After a thorough review of Semtech’s latest financials, alongside a multi-year perspective on share price momentum, our proprietary multi-variable analysis—combining financial, technical, and sectoral intelligence—reveals notable bullish developments. This deep-dive leverages up-to-date quantitative data, technical trends, and competitive context to uncover why Semtech (NASDAQ:SMTC) increasingly attracts institutional attention as sector dynamics heat up. So, why might Semtech stock once again become a strategic entry point into next-generation data infrastructure and IoT in 2025?
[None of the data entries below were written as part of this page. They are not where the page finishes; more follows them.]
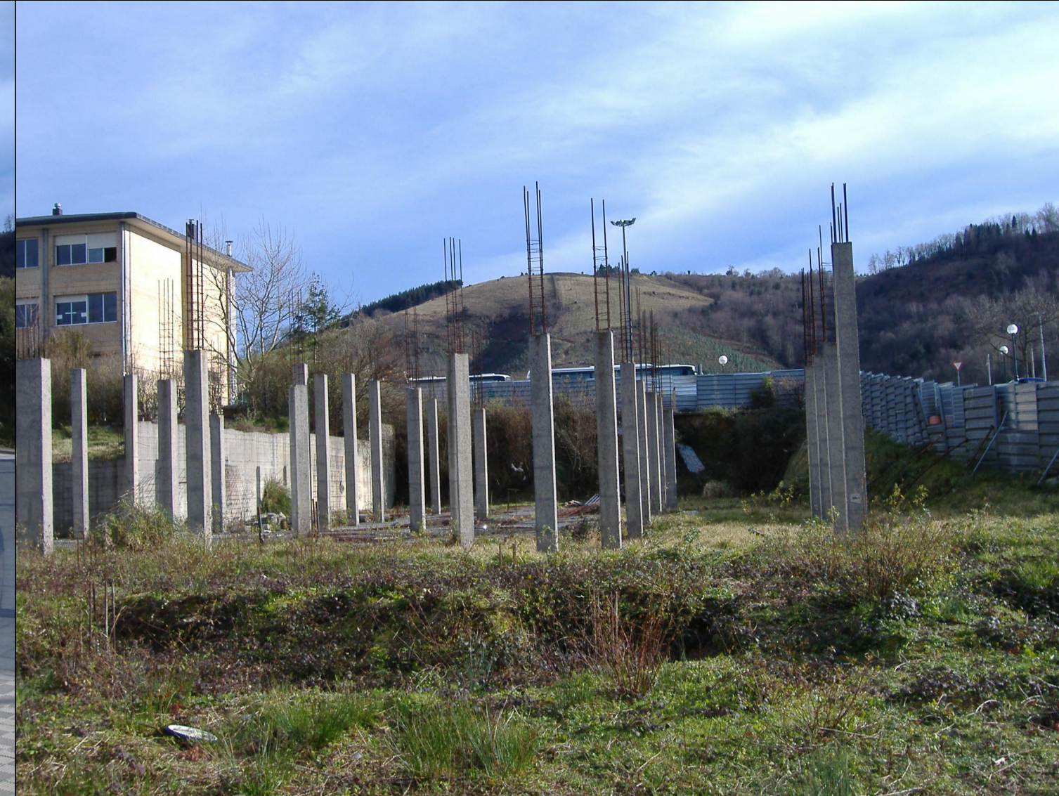
3. VISTA DEL ESTADO ACTUAL DEL SOLAR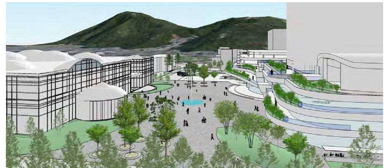
金華橋通りから「みんなの広場 カオカオ」を臨む（イメージ）

低層部のテラスには、「平和の鐘」を設け、つかさのまちに、時を知らせるとともに、この地から、恒久の平和を願うメッセージを発信するシンボルにしたいと考えています。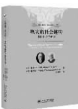
[美]彼得·伯格 [德]托马斯·卢克曼 著 吴肃然 译 北京大学出版社

社会知识库包含着与我的处境有关的知识,也透露出我可能遭遇的限制。比如我知道自己很穷,因此不希望住在高档的郊区。对于这种知识,穷人和富人当然都懂。 《现实的社会建构》是知识社会学的经典之作,也是社会建构论的扛鼎之作,更是社会学领域影响较大的著作之一。该书不仅将知识社会学的考察范围,从少数人关心的科学和理论知识,拓展到一般人在日常生活中用以指导行动的知识,而且以生动的笔法,揭示了作为“客观现实”和“主观现实”的社会,到底是如何构成的,又具有怎样的特性。 本书融汇了现象学的洞察与人文主义的关怀。对于矫治社会学理论的退隐,该书至今仍有警示和启迪作用。 (晓阳)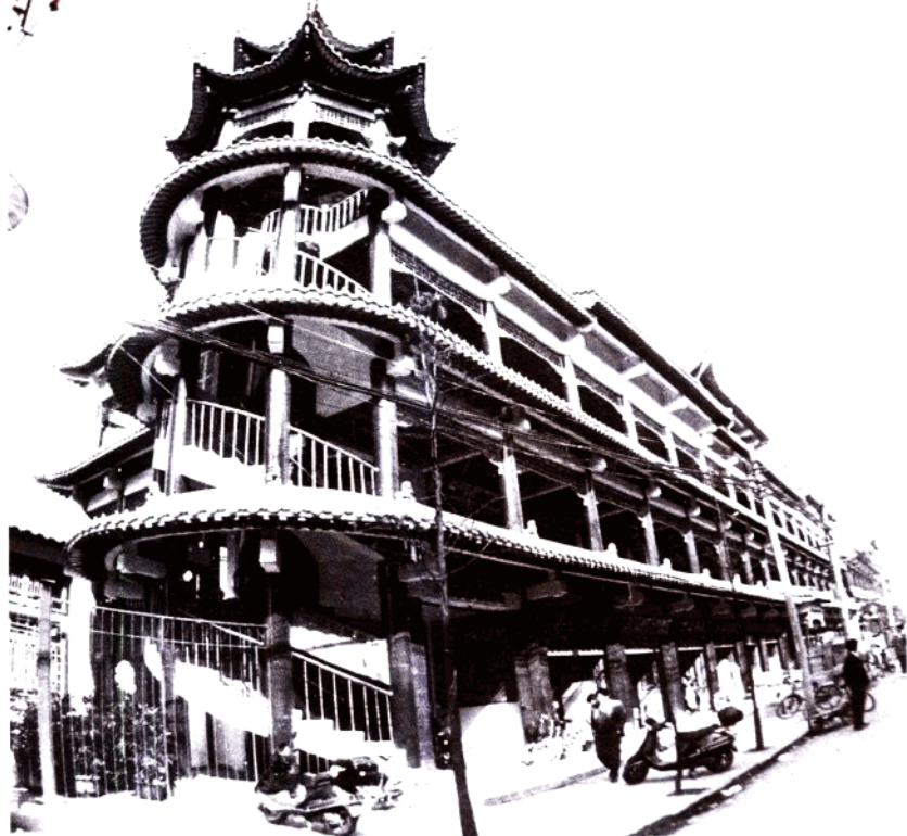
古典建筑 现代灯市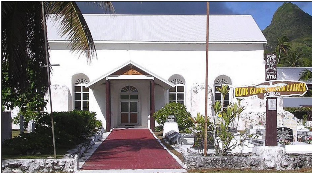
Are Pure Silo – Ngutupa ki te Rangī; Maunga Ruaenga ki te tua katau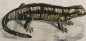
SALAMANDRE ( Salamandra maculosa ) (Europe)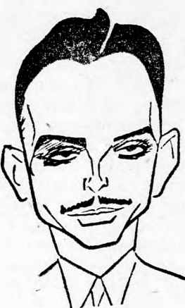
HUSSZEIN Nem volt találkozó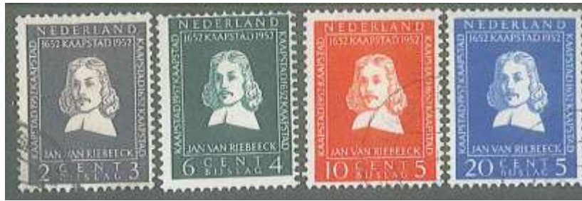
Bild 9: NVPH 578 bis 581 Jan van Riebeeck, ein Förderer des Weinbaus

Jan van Riebeeck ist unter anderem der Begründer von Kapstadt. Die 1652 von ihm gegründete Niederlassung an strategisch günstig gelegenen Ort sollte die niederländischen Seefahrer auf ihrem Weg nach Ost-Indien mit frischem Obst und Gemüse versorgen. Auf diesem Weg fanden die ersten Traubenstöcke 1655 den Weg nach Südafrika – Wein wurde allerdings erst 1661 gerntet – Hottentotten hatten den Weinberg zwischenzeitlich niedergebrannt.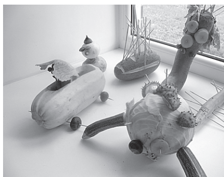
Ar izdomu rudeni ieraudzījusi arī 3. un 4. klase.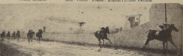
Viento Fresco delante de Rana, Admirador y Pichonga, en la penúltima.

El segundo puesto lo conservó Islandia delante de Don Teo, que avanzó débilmente al final; cuarta All Right, que en ningún momento evidenció interés por el premio Penúltima Salacia y último Padisha.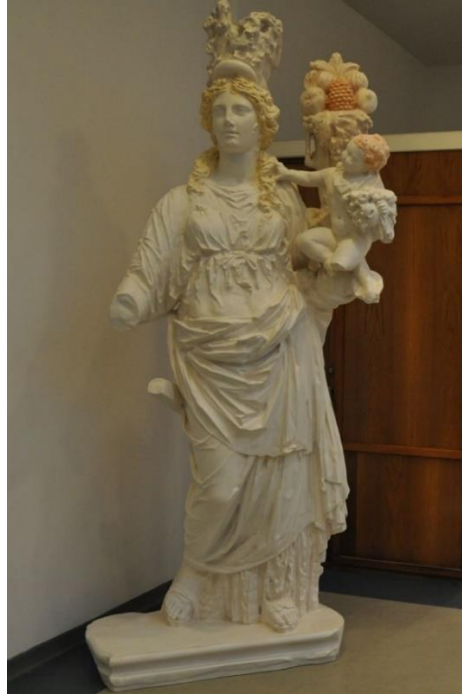
Görsel 2 68. MS 2. yüzyıla tarihlendirilen, Prusias ad Hypium'da (Düzce/Konuralp) ele geçirilmiş ve İstanbul Arkeoloji Müzesi'nde bulunan Tyche heykeli. (2.60m) ( https://www.kulturportali.gov.tr/turkiye/duzce/gezilecek/tyche-heykel-ve-orpheus-mozag Erişim Tarihi 29.03.2023)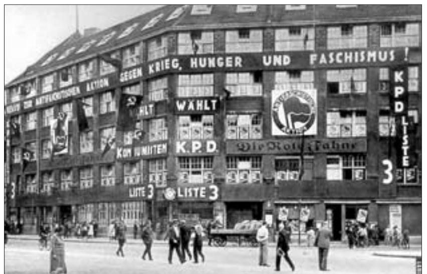
Im Berliner Karl-Liebknecht-Haus befand sich bis zum Januar 1933 der Kampfstab der Thälmannschen KPD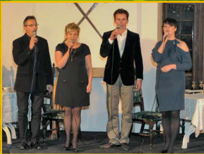
Koncert grupy "Pokolenie" poświęcony Agnieszce Osieckiej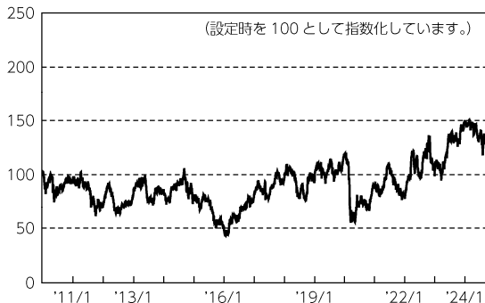
基準価額（指数化）の推移

Recent Performance and Market Context

Following a year marked by profound sector volatility, Semtech stock currently trades at $35.76 (as of May 30, 2025), representing a -42% decline year-to-date but only an -11.9% pullback over twelve months. While this may seem severe, it's essential to contextualise this adjustment: the entire semiconductor space, particularly mid-cap, innovation-driven names, has faced cyclical headwinds, exacerbated by macro-level uncertainty and supply chain recalibrations. However, evidence now points to a sector rotation—tech hardware and infrastructure equities are once more gaining favour as digital transformation and AI themes drive global capital allocation.

Semtech’s Q1 FY2026 results highlighted a full-scale turnaround in core profitability, with net sales rising +22% YoY to $251.1 million and record-setting data centre revenue ($51.6 million, +143% YoY). This momentum, underpinned by an improved operating structure and reacceleration in AI and hyperscale demand, places Semtech well ahead of analyst forecasts, while its proactive debt reduction (retiring $25 million in recent quarters) signals improving financial resilience.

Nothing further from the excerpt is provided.